Practical tips for end users and power users
- To remove the Recommended area quickly: Right‑click Start → Settings → Personalization → Start, then disable the relevant toggles. This is the supported, safe route to a compact launcher.
- If you prefer a deterministic layout: switch to List view and pin frequently used apps to keep them at the top. The Start menu will remember your chosen view.
- Want the new Start now? Install the optional preview (KB5067036) via Settings → Windows Update → Optional updates. Be prepared for phased activation and possible variability across devices.
- Administrators: pilot KB5067036 in a controlled group, verify MDM and Group Policy behavior, and defer broad deployment until any early regressions are resolved.
Critical assessment — strengths and lingering questions
The redesign is a clear, pragmatic response to user feedback and scores highly on practical usability improvements. Putting All apps on the main surface and adding three user‑selectable views addresses long‑standing complaints about discoverability and extra clicks. The explicit toggles to disable Recommended are a welcome concession to power users and privacy‑minded people. These are concrete, measurable wins.However, several open questions remain:
- Will Category grouping become user‑customizable, or will it remain fully automated? Early preview notes indicate grouping logic is system‑driven today, which may not satisfy users who want deterministic layouts.
- How broadly will Phone Link and Copilot integration be available by region and hardware? Microsoft has signaled region and hardware gating for several features — enterprises must map those constraints to their fleets.
- How tightly will Microsoft couple future Start innovations to on‑device AI hardware and paid entitlements?
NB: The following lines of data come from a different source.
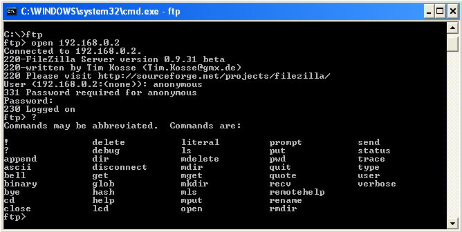 Jika berhasil maka server akan menjawab 230 Logged on lalu muncul prompt ftp> berarti saat itu kita sudah terkoneksi dengan Server FTP 192.168.0.2. Selanjutnya kita bisa melakukan aplikasi kirim terima file. Langkah memulai aplikasi FTP klien pada DOS sama dengan yang dapat dilakukan pada terminal UNIX/Linux.
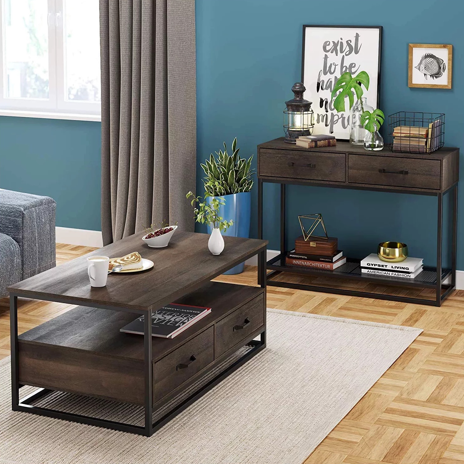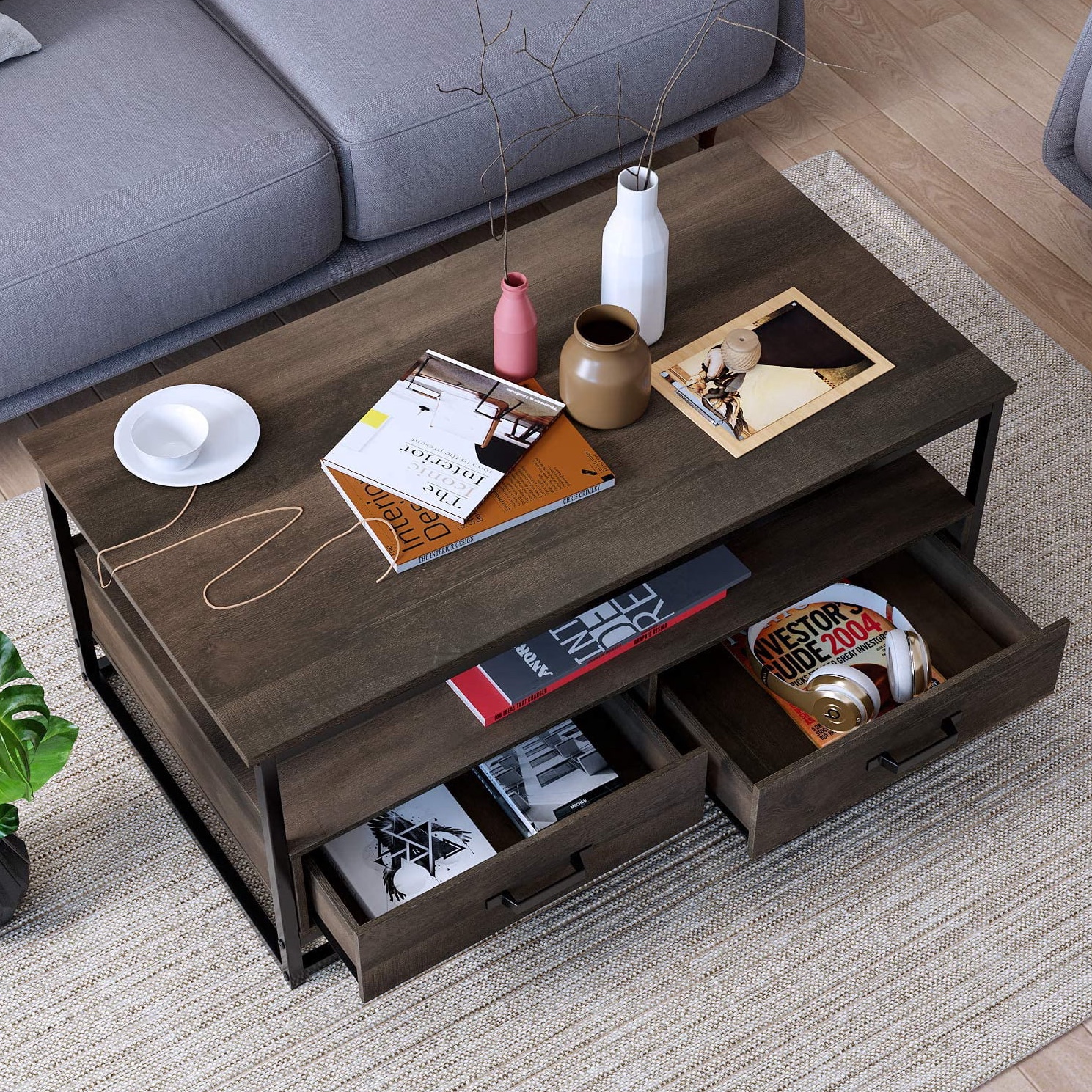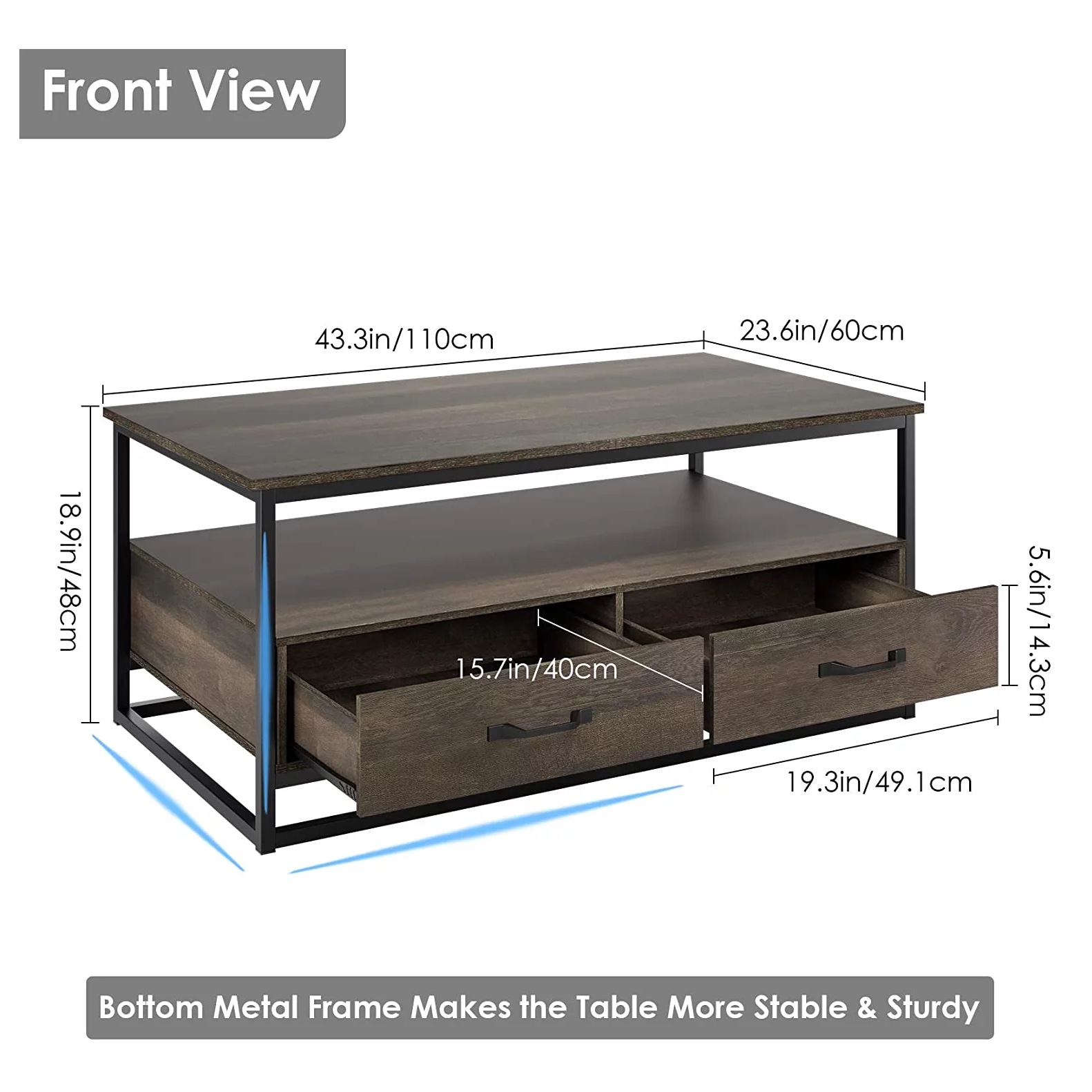 Homfa 43″ Wooden Coffee Table with Storage Shelf and 2 Drawers. Rustic Center Table for Home Office. Dark Brown
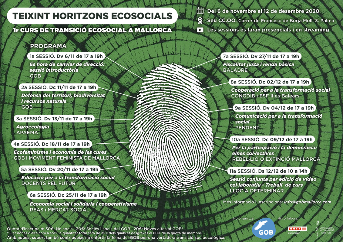 Les Illes Balears s’enfronten a uns reptes majúsculs després de la crisi sanitària de la COVID19. Cal ara mateix, aportar des de la perspectiva de l’ecologisme social, una resposta als reptes econòmics, socials i ambientals que s’han fet ara més evidents que mai. Les Illes, com el món sencer, es troba en una cruïlla en la que sembla que s’ha d’escollir entre reactivar l’economia o la preservació de la vida. Des de l’ecologisme volem aportar propostes a aquest dilema i aportar arguments i propostes concretes des de diferents àmbits per poder transitar cap a un model que garanteixi l’equilibri d’un metabolisme sa, entre la conservació dels recursos naturals (com l’aigua) i la biodiversitat, els impactes i residus generats pel sistema, revisant les pautes de consum i el model que ens ha abocat a la situació actual. Des del GOB hem volgut impulsar un curs de formació en els temes pilars del que considerem que ha de ser la transformació ecosocial que ens ha ajuntat sota el paraigües de La Vida al Centre (el manifest de propostes per a la transició ecosocial): www.lavidaalcentre.org Aquí et podràs informar sobre el programa i la inscripció |

Some adjacent features in the same preview are clearly license/hardware bound; if Start begins to rely on those capabilities, it could fragment user experiences.
Conclusion
Microsoft’s latest Windows 11 preview delivers the most substantive Start menu overhaul since the OS launched: a single, scrollable Start surface that surfaces the full All apps list, three viewing modes tailored to different discovery styles, and explicit toggles to remove Recommended content. These changes are pragmatic, directly addressing long‑standing user complaints about discoverability and control.For enthusiasts and solo power users the new Start is an immediate usability gain; for organizations, the package is best treated as a preview to pilot, validate and only broadly deploy after confirming stability and policy interactions. Users who prefer a minimal or deterministic Start experience can already achieve it via the new toggles and view selection, while those who want the update immediately can install the optional KB preview but should expect staged activation.
Overall, the redesign is a sensible course correction that balances modern launcher convenience with real user control — a combination that should satisfy many long‑standing Start menu critics while offering administrators a clear path to cautious adoption.